I'm trying to read csv file into dataframe from AWS S3 using Spark streaming however the data is not getting stored in the desired columns instead they enter in just 1 column and others are null. Need a way how I can take the csv file as input in format.

I have tried adding the schema.

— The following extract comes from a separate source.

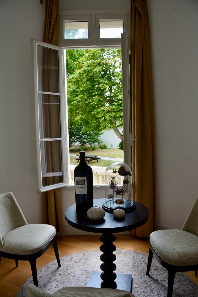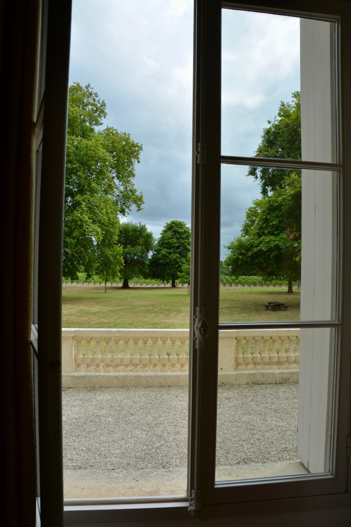 We visited the beautiful chateau first. The ground floor has been renovated to accommodate visitors for an orientation and wine tasting. We entered from the back and then went out through the front to see the vines, before returning for our tasting.

Removing the schema and trying to infer schema states it is mandatory to specify the schema.

var schema = StructType(
  StructField("date", StringType, true) ::
    StructField("close",StringType, true) ::
    StructField("volume", StringType, true) ::
    StructField("open", StringType, true) ::
    StructField("high",StringType,true) ::
    StructField("low", StringType,true) :: Nil)

val ds = spark
  .readStream
  .option("sep", ";")
  .format("csv")
  .option("thousands",",")
  .schema(schema)
  .option("header",true)
  .load(path)

val df = ds.select("*")

df.writeStream.outputMode("append")
  .format("console")
  .trigger(Trigger.ProcessingTime("5 seconds"))
  .start("/home/admin1/IdeaProjects/StockPricePrediction/src/main/output/")
  .awaitTermination()

I was expected a dataframe with data in each column however it shows as something as below:

Batch: 0
-------------------------------------------
19/07/02 18:53:46 INFO CodeGenerator: Code generated in 20.170544 ms
+--------------------+-----+------+----+----+----+
|                date|close|volume|open|high| low|
+--------------------+-----+------+----+----+----+
|0,2019/06/28,1080...| null|  null|null|null|null|
|1,2019/06/27,1076...| null|  null|null|null|null|
|2,2019/06/26,1079...| null|  null|null|null|null|
|3,2019/06/25,1086...| null|  null|null|null|null|
|4,2019/06/24,1115...| null|  null|null|null|null|
+--------------------+-----+------+----+----+----+

Any help will be appreciated. Thank you

1
How does your input data look like?Rakshith
Looks like you data is , separated where as you mentioned ; as delimiter.Abhinay

1 Answers

0
votes

It looked like your delimiter is not properly set. Since all data seem to be clustered in the date column.

.option("delimiter", ",")